Furthermore, community-based non-pharmacological interventions for managing GDM offer effective and accessible alternatives to pharmacological treatments [34]. Evidence suggests that self-management programs significantly improve self-efficacy, lifestyle behaviours, and postprandial blood glucose levels, making them highly beneficial for GDM patients. Medical nutrition or diet therapy has also shown notable efficacy in lowering postprandial blood glucose compared to routine care, while combined diet and exercise interventions further reduce maternal weight gain more effectively than diet alone. Interestingly, digital health interventions, such as smartphone apps and telehealth, have shown to improve glycaemic control in pregnant women with GDM, reducing the need for caesarean delivery and the risk of foetal macrosomia [35]. There is currently a smartphone app being developed as part of the Explore-MYGODDESS study to evaluate the acceptability and feasibility of a culturally tailored digital diabetes prevention intervention for women with gestational diabetes mellitus in Malaysia, aiming to support dietary and lifestyle modifications, as well as addressing barriers to effective diabetes prevention [36,37]. However, more robust evidence is needed before these interventions can be recommended as a replacement for regular clinic follow-ups.

This study has several notable strengths. First, it utilizes nationally representative data from the NHMS 2022, ensuring the findings are generalizable across Malaysia due to the survey’s robust sampling design. Second, the focus on women with advanced maternal age—a high-risk group for GDM—fills a critical gap in Malaysian literature, offering specific insights into this vulnerable population. Third, the identification of key sociodemographic factors, such as ethnicity and working status, provides actionable insights for targeted public health interventions. However, there are also limitations to consider. The cross-sectional design restricts the ability to establish causal relationships between GDM and sociodemographic factors. Additionally, reliance on self-reported data for variables such as employment status and socioeconomic factors introduces the possibility of recall bias or misreporting, though the use of validated questionnaires helps mitigate this concern.
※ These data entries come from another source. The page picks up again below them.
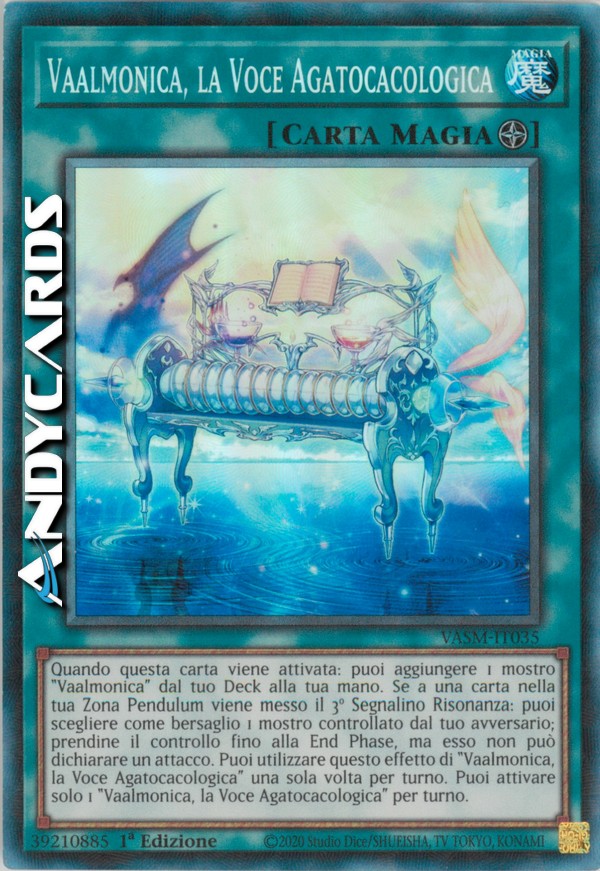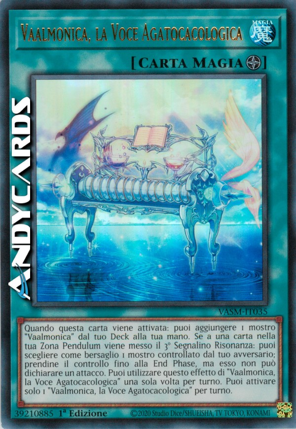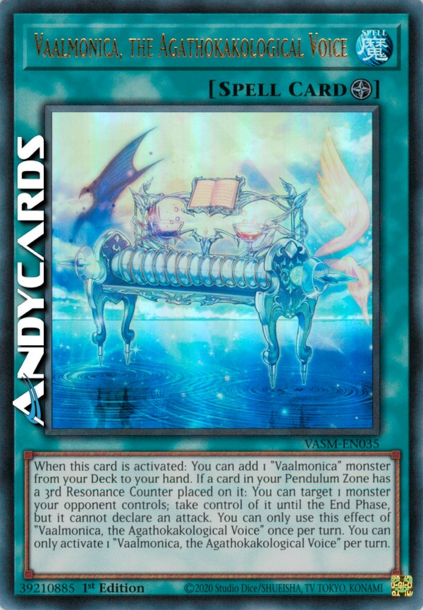 Quando questa carta viene attivata: puoi aggiungere 1 mostro "Vaalmonica" dal tuo Deck alla tua mano. Se a una carta nella tua Zona Pendulum viene messo il 3º Segnalino Risonanza: puoi scegliere come bersaglio 1 mostro controllato dal tuo avversario; prendine il controllo fino alla End Phase, ma esso non può dichiarare un attacco. Puoi utilizzare questo effetto di "Vaalmonica, la Voce Agatocacologica" una sola volta per turno. Puoi attivare solo 1 "Vaalmonica, la Voce Agatocacologica" per turno.
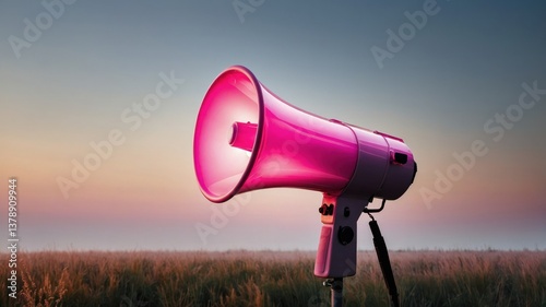Bright pink megaphone stands in a serene field at dusk, capturing the beauty of a tranquil evening
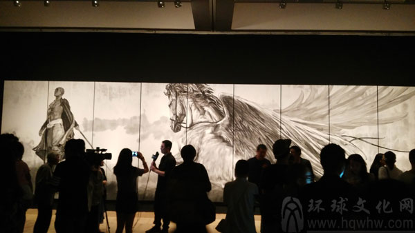 【環球文化網 北京訊/王紹軍】2016年9月4日下午,孫浩水墨作品展“白駒過隙”在中國美術館5號展廳開幕。孫浩為展覽專門創作的兩件巨幅“史詩性”作品——《海闊天空》和《于無聲處》也將在展廳震撼呈現。兩件作品均為長十多米,縱約三米的宏幅巨制,針對公共空間展示的巨大尺幅和“史詩性”描繪,展現出以孫浩為代表的“80后”一代強調“自我張揚”和“個性放大”的藝術特質,以及藝術家對于“史詩”本質提出的一種“重構”的新方法論:以個人的力量去感知過去,并讓所有的史實逐漸自主歸位。
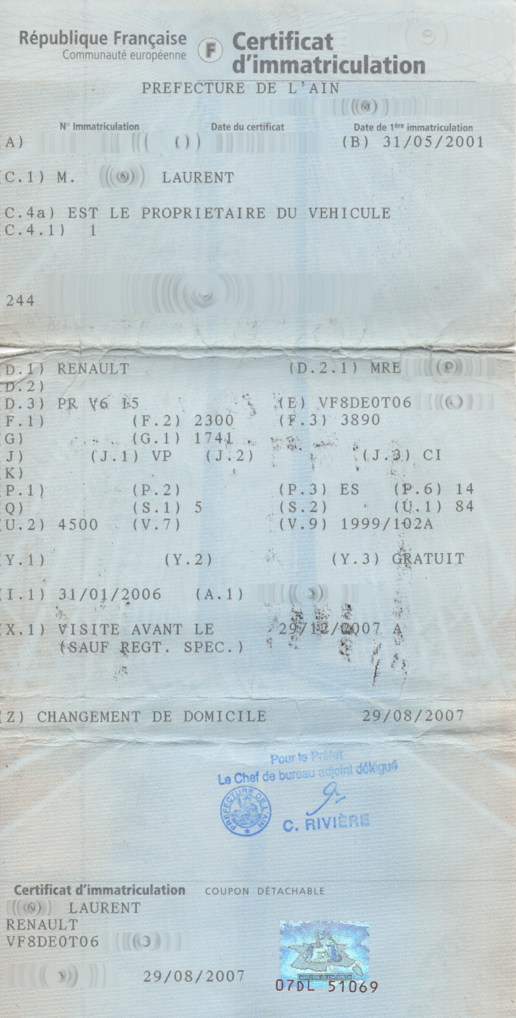 T'as de la chance ils ont pas confondu avec nouveau scenic.Wattman a écrit :Bon je viens de recevoir la carte grise, et le "PR V6 I5" s'appelle désormais "NOUVEAU MODELE"
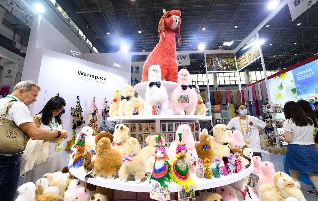 2021年5月7日,在海南??谂e行的首屆中國國際消費品博覽會(簡稱“消博會”)上,人們在秘魯“溫暖駝”展位參觀。
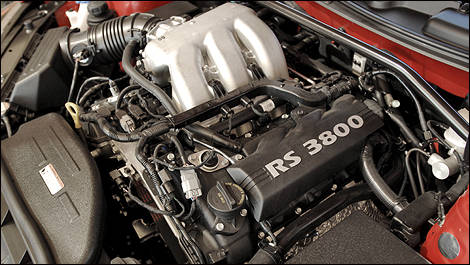 That 3.8-liter, six-cylinder engine is derived from the Azera and Genesis sedans. Numerous modifications have altered its output to 306 horsepower along with a torque rating of 266 lb-ft at 4,700 rpm. For instance, Hyundai engineers installed an upgraded cooling system, increased the flow of the exhaust system and reworked the engine block.
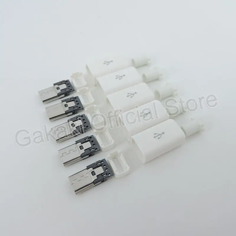 Micro USB 5 pines tipo soldadura conectores macho Cable de datos accesorios de interfaz toma de carga trasera USB blanco negro
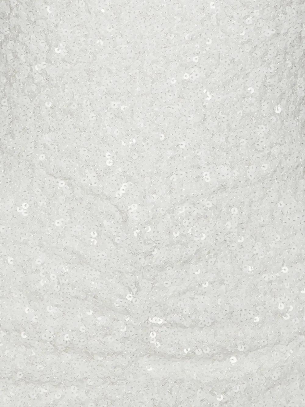 white sequin embellishment high neck long sleeves ruched detailing zip fastening
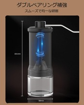 ユニークなデザイン: 人間工学に基づいたデザイン, 快適な感触, 長めのステンレスハンドルは, 豆を挽く手間を省き. コーヒー豆を挽く楽しみを提供します, ダブルベアリングセンターシャフト, 正確なギア調整により. 透明なガラスボトルは耐久性であり挽いた量を一目でわかる.
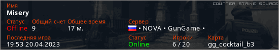 Играет на Counter Strike Source сервере. Страна: РоссияПервый раз замечен 14:35 17.04.2023
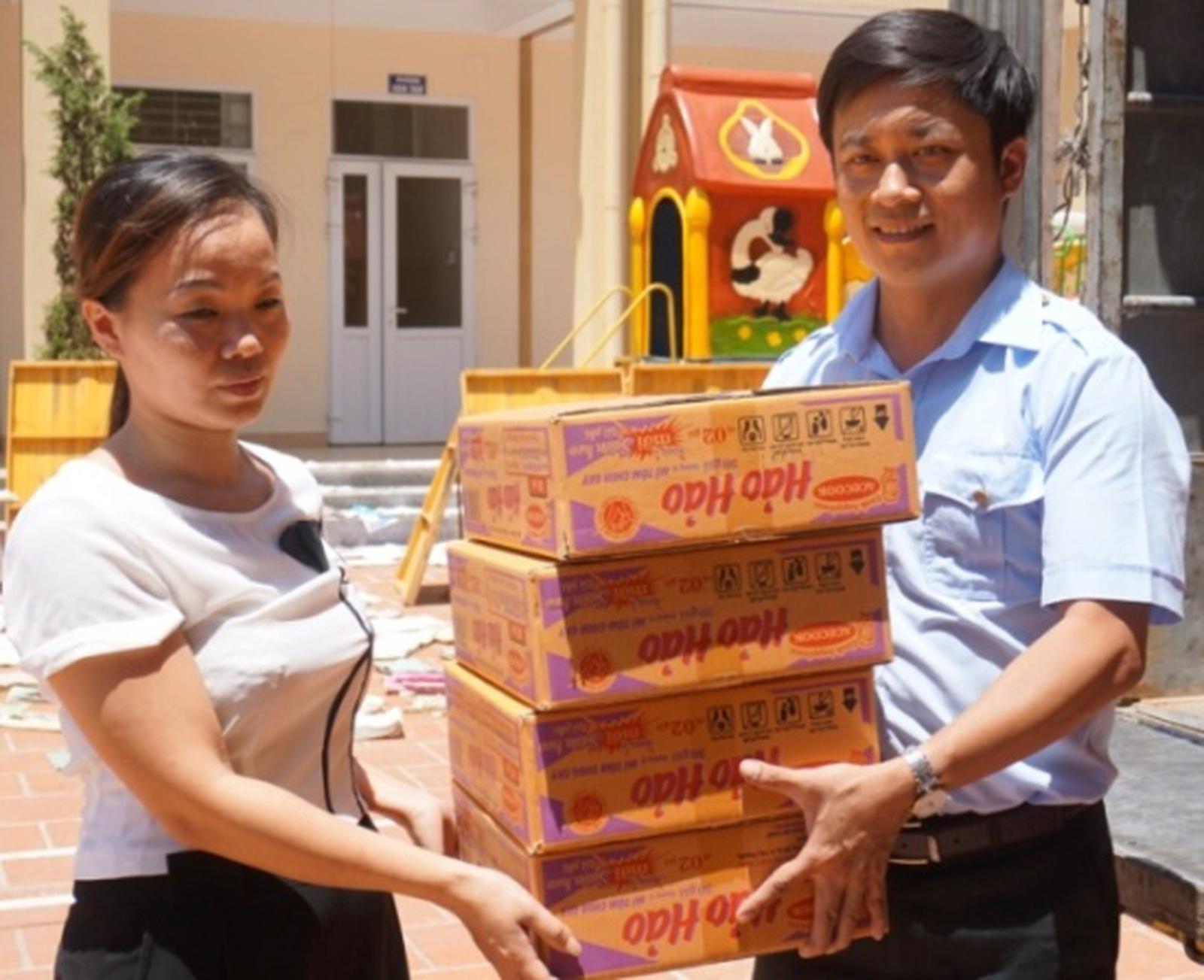 Chủ tịch Công đoàn Báo Thanh tra Lê Trần Nguyên Huy trao quà cho nhà trường
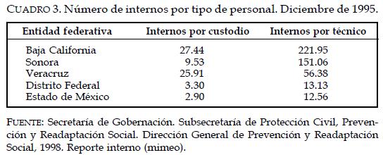 Otro de los graves problemas de la mayoría de los centros penitenciarios del país es la falta de personal especializado para brindar atención y tratamiento adecuado a los internos (v. gr. custodios, psicólogos, médicos, odontólogos, entre otros), ya que 22% de los cereso no tiene suficiente personal técnico, administrativo y de custodia. En este rubro Baja California ocupa el primer lugar (ver cuadro 3).
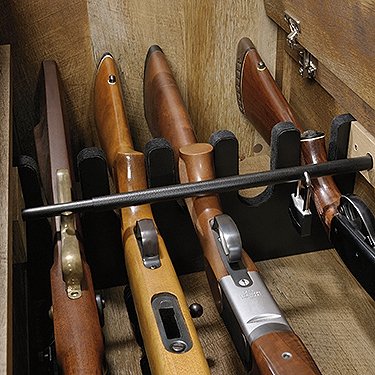 -. Feature : Conceals five long guns / GunSentryTM lockable gun retention system (lock not included) / Felt padding for finish protection / Safety lid stay. / 53 1/8" long, 18 1/8" wide and 21 1/4" tall
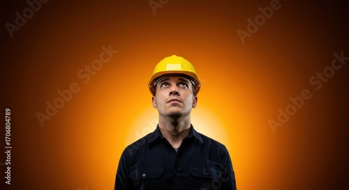 A focused worker in a bright yellow hard hat gazes upward against a warm orange backdrop.
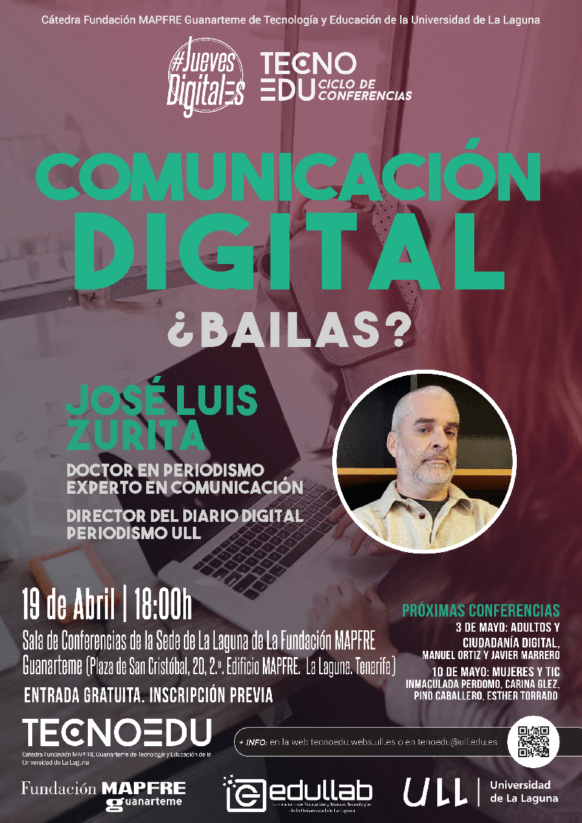 La Cátedra Fundación MAPFRE Guanarteme de Tecnología y Educación (TECNOEDU) de la Universidad de La Laguna organiza un ciclo de conferencias denominado “Jueves Digitales”, en el cual se abordan temáticas relacionadas con la sociedad, la educación y la tecnología. La próxima ponencia, a cargo del periodista y profesor de la ULL José Luis Zurita, lleva por título “Comunicación Digital, ¿Bailas?” y se celebrará el jueves 19 de Abril a las 18:00 horas en la sede de la Fundación MAPFRE Guanarteme, en La Laguna. Como en los anteriores casos, la entrada será gratuita mediante inscripción previa desde la web de la cátedra.
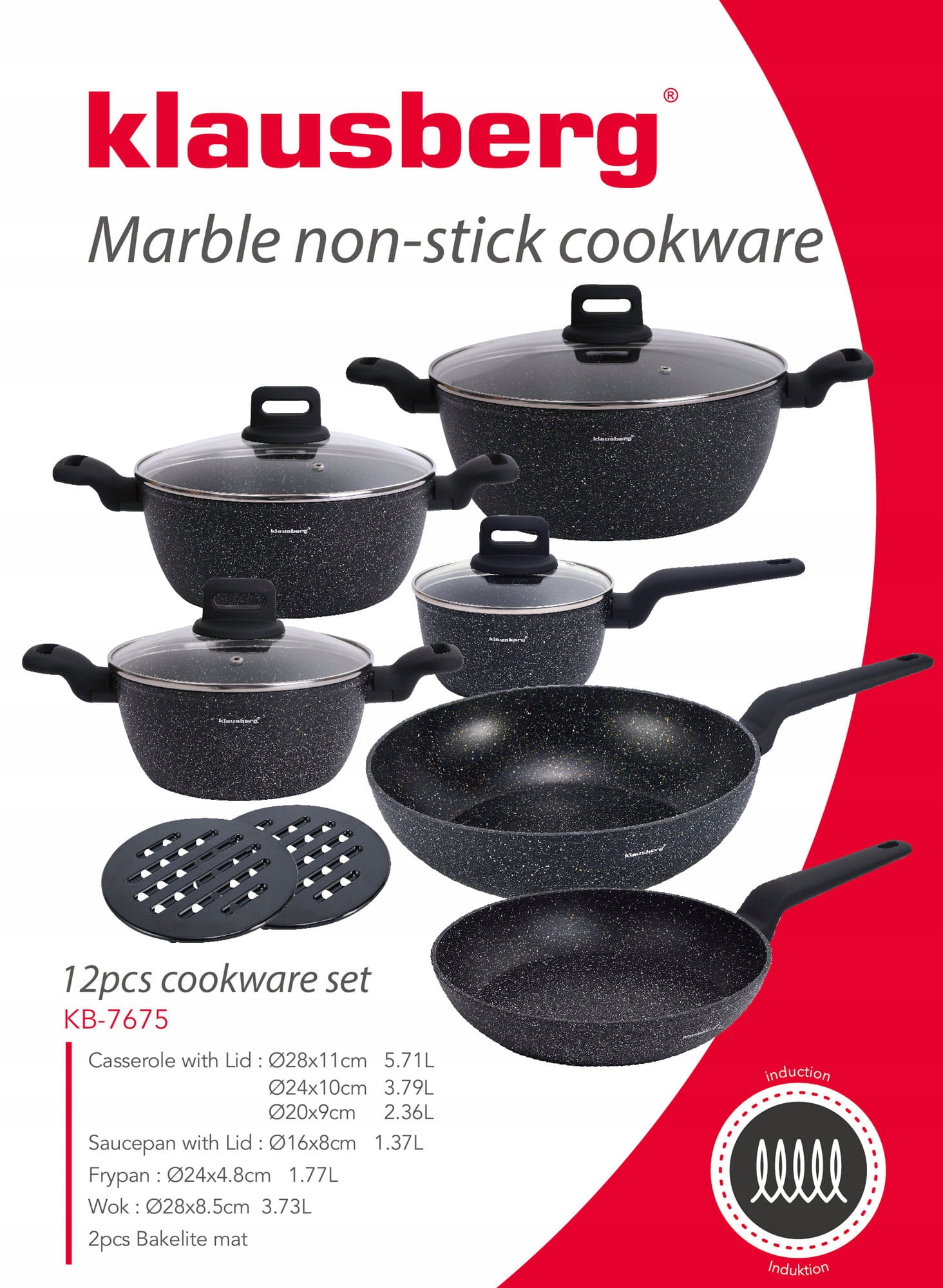 ВЕЛИКИЙ Набір мармурових каструль і сковорідок Набір 12 предметів Klausberg
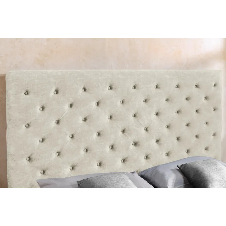 To wyjątkowe łóżko skrzyniowe zachwyca miękkim, aksamitnym obiciem w odcieniu szampańskiego beżu czy szarości oraz klasycznym pikowaniem w stylu Chesterfield, które nadaje mu ponadczasowy urok i szyk.
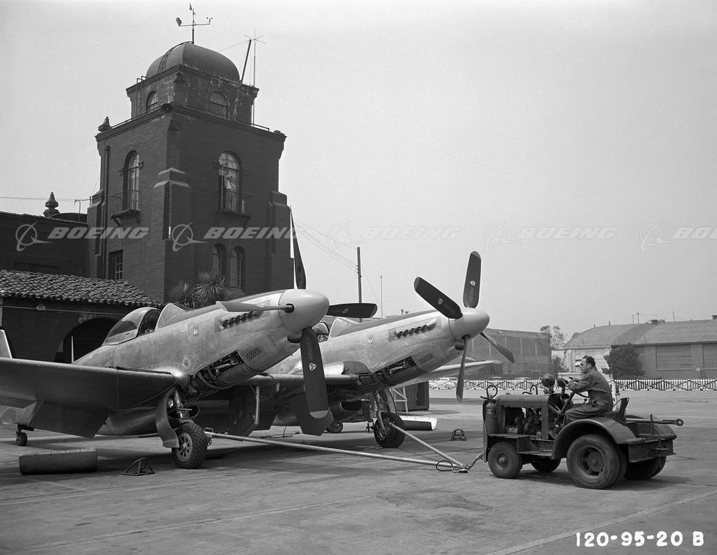 The North American P-82 Twin Mustang was the climactic development of a long series of the famous World War II P-51 Mustang series. North American produced 250 of the double-fuselaged airplanes for the Air Force, embracing three versions of the Twin Mustang then in service, the P-82E, P-82F, and P-82G. The versatility of the P-82 made it potentially adaptable to a wide variety of roles in modern aerial warfare. It could have been used as a fighter, a long-range escort, long-range reconnaissance, night fighter, attack bomber, rocket fighter or an interceptor. With a speed of more than 475 miles an hour, the Twin Mustang had a combat range of over 1,600 miles with full armament. Range could be extended by use of external drop tanks on the wings. A radical departure from the conventional single-fuselage airplane, the Twin Mustang was formed by two fuselages joined by the wing and the horizontal stabilizer. With a pilot in each fuselage, it reduced the problem of pilot fatigue on ultra-long-range missions. The P-82F and G models carried a radar operator in the right cockpit instead of a co-pilot.

Lastly, the study does not explore behavioural factors (e.g., physical activity, diet) or genetic predispositions, which could provide deeper insights into GDM risk. Despite these limitations, the findings serve as a valuable foundation for future longitudinal and multi-dimensional research.

Conclusion

This study underscores the high prevalence of gestational diabetes mellitus (GDM) among women with advanced maternal age in Malaysia, highlighting significant associations with sociodemographic factors such as ethnicity and working status. Indian women exhibited the highest risk, emphasizing the need for culturally tailored interventions targeting high-risk ethnic groups. The findings provide critical insights into the importance of early screening, lifestyle interventions, and community-based programs to mitigate the burden of GDM. Despite limitations such as the cross-sectional design and lack of behavioural or genetic data, this study contributes valuable evidence to guide public health policies and strategies such as implementing mandatory GDM screening for high-risk ethnic groups and promoting workplace health programs for non-working women to reduce GDM prevalence and its associated complications in Malaysia. Future research should assess whether reducing sedentary time in non-working women lowers GDM incidence and should also investigate behavioural determinants and genetic predispositions through longitudinal studies to enhance the understanding and management of GDM.

Acknowledgments

The authors would like to thank the Director General of Health Malaysia for his permission to publish this paper. We would also like to thank all research team members and data collectors for their contributions and commitment to this study. We are also grateful for the kind cooperation of all participants.